How do you go about removing the two struts that hold the bed platform up in the air?

How did some of you treat the bottom membrane after cutting into it. Jim spoke of membrane repair kit and tape, but I think I really have to do some ripping to get to the floor from the bottom.

John
Hi John,

It looks like you have a project going there... Your doing good at it! Keep it up.

The bed struts, I myself have not had to take one of them off just yet however this is how I would approach it. I have done this on other gas struts

Take the mattress out

Lift the bed OSB cover all the way up. This unloads the spring force and runs out of stroke of the strut.

Then unscrew the strut bracket. You have to make sure all the weight is off the strut and it is fully extended and can not go out any more.

What I am describing is how my 2004 is made. I'm making an assumption yours is similar. If needed I can take some pics and post. I just brought the camper back to the house tonight. and can do this on Sunday.

The black membrane, I have bought more material in the past. See this post, it may help. It shows the new membrane, the thickness of our old one and the Flex mend I used to splice the new to the old.
Slide Floor Water Damage

If you have to yank a lot of membrane off and there are holes in it, then doing a good clean splice of a new piece many feet long may be a better option pending your situation. If you can find a Jayco dealer, they can order it from the factory for you as I know they still use it. Keystone does too as many other brands. I bought mine from General RV but had to about beg and twist their arm to ship it.
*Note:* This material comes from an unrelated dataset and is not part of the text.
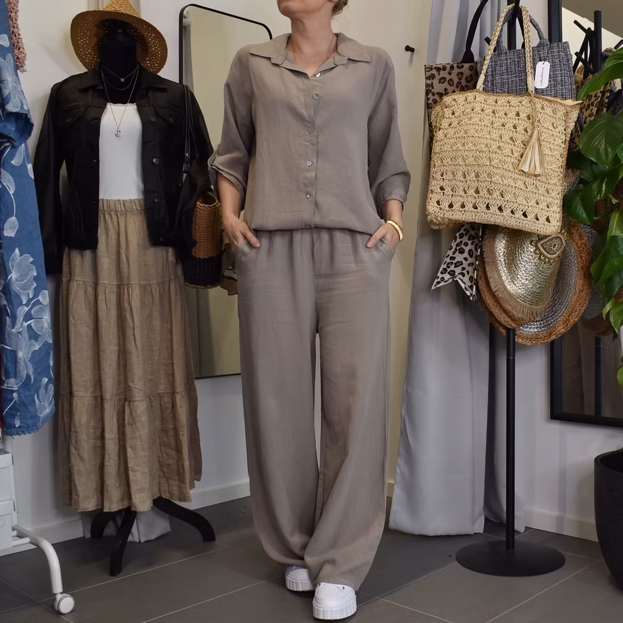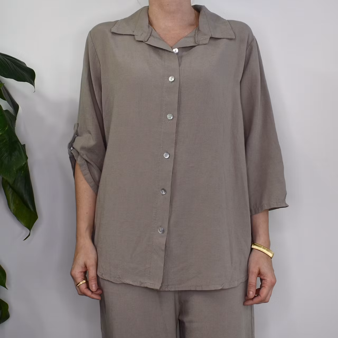 Skjorta Tone linnemix TAUPE - Mix By Heart

By now E commence and shipping may not be such a big issue. An RV dealer may stock some.

And they also make Flex mend in 2 and 3 feet wide if this helps any. Many RV dealers only stock that as a repair tape. I found this to be the case when hunting for mine.

While you into this, a tip once you get all the rotted wood out. The wood that remains that is solid but was water infected should be treated to kill the bacteria to not have dry rot a year or 2 from now after the repair is done. I use Rot Dr. CEPS. In that link it shows the cans I used. This also stiffens up the wood if needed. Heads up to use the respirator as the fumes are really bad. Others have used car anti freeze to kill the bacteria. I myself have not so I cannot comment on the long term effectiveness.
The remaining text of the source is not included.